■ **ABOUT THIS TASK**
The lines below, from the one holding "上海合晶招股书称,预计公司2" through the one holding "92 pages. The", are to be restated word for word, with all images left out.

■ **SUPPLIED DATA**
********************
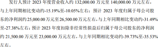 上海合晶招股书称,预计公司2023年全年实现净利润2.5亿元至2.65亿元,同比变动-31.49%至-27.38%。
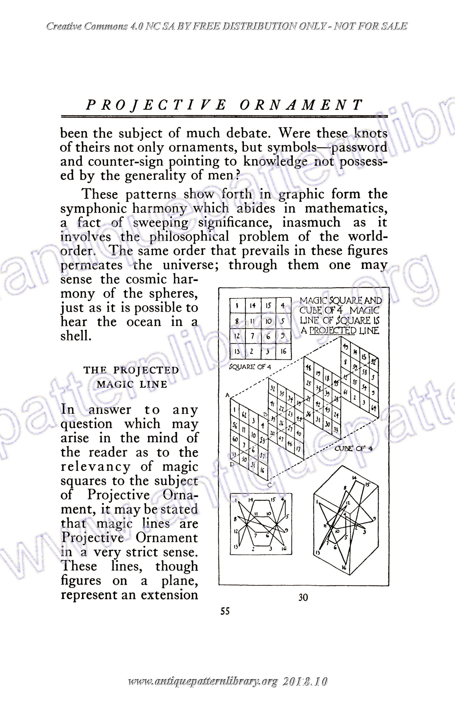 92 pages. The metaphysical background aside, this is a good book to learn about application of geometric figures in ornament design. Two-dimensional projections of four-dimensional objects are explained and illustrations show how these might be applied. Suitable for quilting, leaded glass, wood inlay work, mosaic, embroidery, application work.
********************
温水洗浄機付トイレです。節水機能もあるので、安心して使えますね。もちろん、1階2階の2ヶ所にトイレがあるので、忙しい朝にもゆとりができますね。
********************
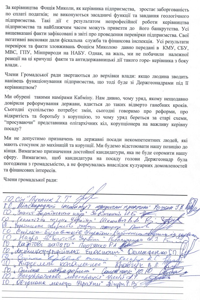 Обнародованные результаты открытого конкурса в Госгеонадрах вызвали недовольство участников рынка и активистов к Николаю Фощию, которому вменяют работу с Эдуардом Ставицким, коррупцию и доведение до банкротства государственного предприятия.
********************
■ **EXPECTED ANSWER**
 上海合晶招股书称,预计公司2023年全年实现净利润2.5亿元至2.65亿元,同比变动-31.49%至-27.38%。
 92 pages. The metaphysical background aside, this is a good book to learn about application of geometric figures in ornament design. Two-dimensional projections of four-dimensional objects are explained and illustrations show how these might be applied. Suitable for quilting, leaded glass, wood inlay work, mosaic, embroidery, application work.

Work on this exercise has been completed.